▸ **Brief**:
All the data below goes into the copy word for word, but the pictures don't.

▸ **Data extract**:
* * * * * * *
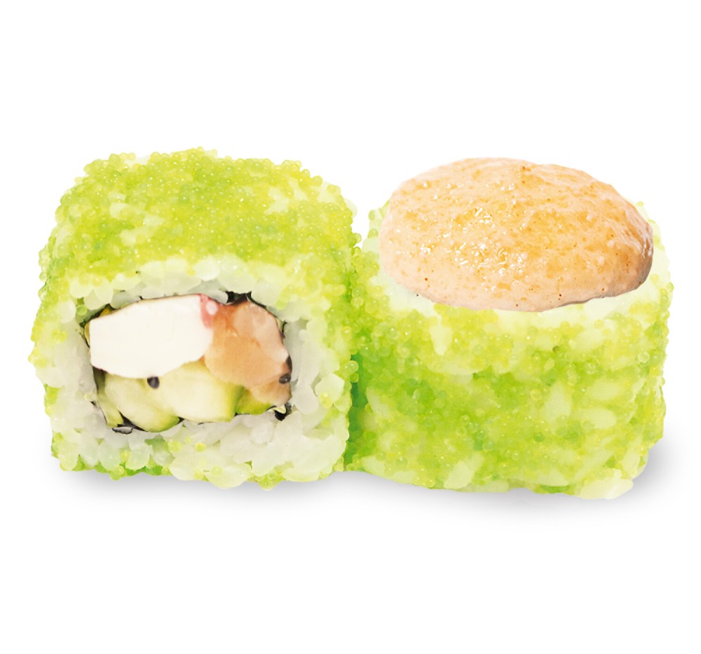 Лосось, крабовая палочка, масаго зелёная, соус мотояки, соус Японский, огурец
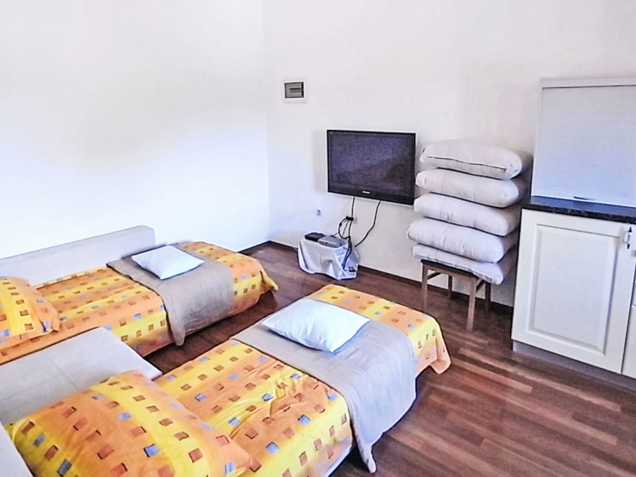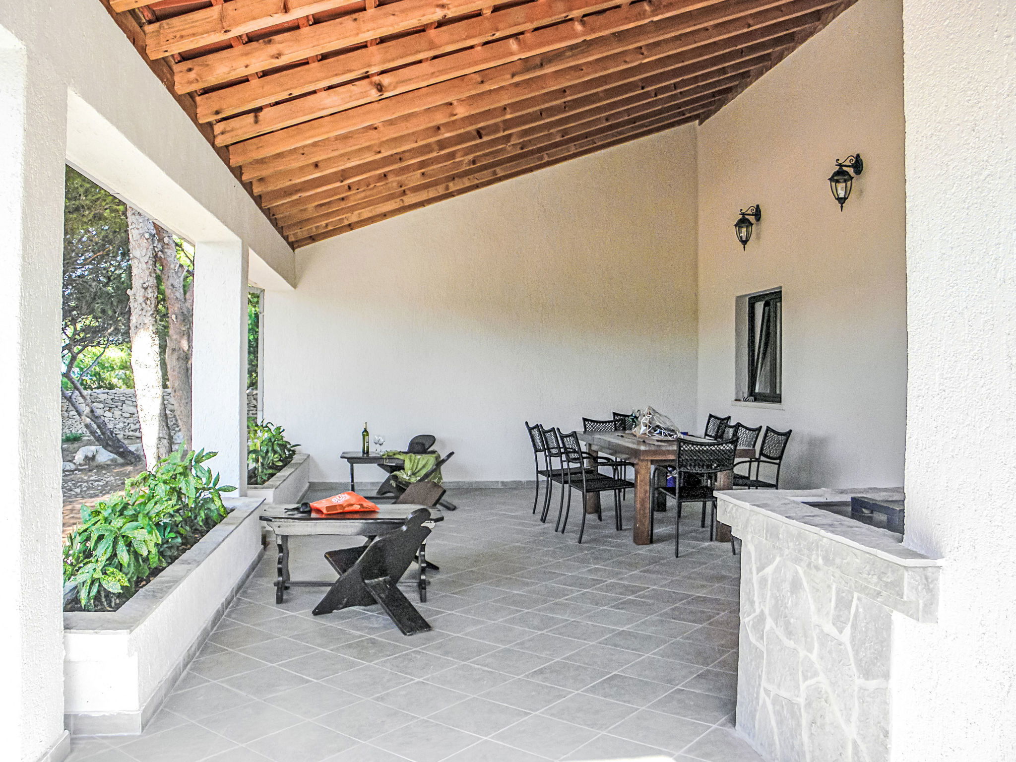 Maison 5 pièces 230 m2. Grand séjour/salle à manger. Sortie sur la terrasse. Séjour/chambre à coucher avec 1 divan-lit double (160 cm, longueur 200 cm), coin-cuisine, douche/WC, TV (satellite), air-conditionné et ventilateur. 1 chambre avec 1 grand-lit (160 cm, longueur 200 cm). Séjour/chambre à coucher avec 1 divan-lit double (160 cm, longueur 200 cm), coin-cuisine, douche/WC, TV (satellite), air-conditionné et ventilateur. 1 chambre avec 1 grand-lit (160 cm, longueur 200 cm). Cuisine ouverte (four, lave-vaisselle, 4 plaques vitrocéramiques, grille-pain, bouilloire électrique, micro-ondes, congélateur, cafetière électrique). Sortie sur la terrasse. WC séparé. Grande terrasse 30 m2, couverte. Meubles de terrasse, barbecue (portable). Superbe vue panoramique sur la mer. A disposition: lit bébé. Internet (Connexion WIFI, gratuit). Maximum 2 animaux/ chiens autorisés. Pas de liaison interne entre les différentes unités.
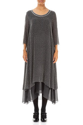 Two extra light silk layers, magical dotty fabric, elegant shape, and flowy hem is a perfect combination for a sophisticated party dress.
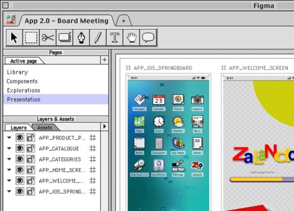 De aanleiding was het vele thuiswerken van de afgelopen tijd. Michael vroeg zich af hoe thuiswerk-apps zoals Slack, Spotify, Zoom en Figma eruit zouden zien in de tijden van Mac OS 9. Hij maakte een uitgebreide components library in Figma (de UI kit is vrij te gebruiken) en ontwierp hiermee alle interfaces. Ik kreeg een dikke vette glimlach van het resultaat:
* * * * * * *
▸ **Output for this task**:
 Лосось, крабовая палочка, масаго зелёная, соус мотояки, соус Японский, огурец
 Maison 5 pièces 230 m2. Grand séjour/salle à manger. Sortie sur la terrasse. Séjour/chambre à coucher avec 1 divan-lit double (160 cm, longueur 200 cm), coin-cuisine, douche/WC, TV (satellite), air-conditionné et ventilateur. 1 chambre avec 1 grand-lit (160 cm, longueur 200 cm). Séjour/chambre à coucher avec 1 divan-lit double (160 cm, longueur 200 cm), coin-cuisine, douche/WC, TV (satellite), air-conditionné et ventilateur. 1 chambre avec 1 grand-lit (160 cm, longueur 200 cm). Cuisine ouverte (four, lave-vaisselle, 4 plaques vitrocéramiques, grille-pain, bouilloire électrique, micro-ondes, congélateur, cafetière électrique). Sortie sur la terrasse. WC séparé. Grande terrasse 30 m2, couverte. Meubles de terrasse, barbecue (portable). Superbe vue panoramique sur la mer. A disposition: lit bébé. Internet (Connexion WIFI, gratuit). Maximum 2 animaux/ chiens autorisés. Pas de liaison interne entre les différentes unités.
 Two extra light silk layers, magical dotty fabric, elegant shape, and flowy hem is a perfect combination for a sophisticated party dress.
 De aanleiding was het vele thuiswerken van de afgelopen tijd. Michael vroeg zich af hoe thuiswerk-apps zoals Slack, Spotify, Zoom en Figma eruit zouden zien in de tijden van Mac OS 9. Hij maakte een uitgebreide components library in Figma (de UI kit is vrij te gebruiken) en ontwierp hiermee alle interfaces. Ik kreeg een dikke vette glimlach van het resultaat:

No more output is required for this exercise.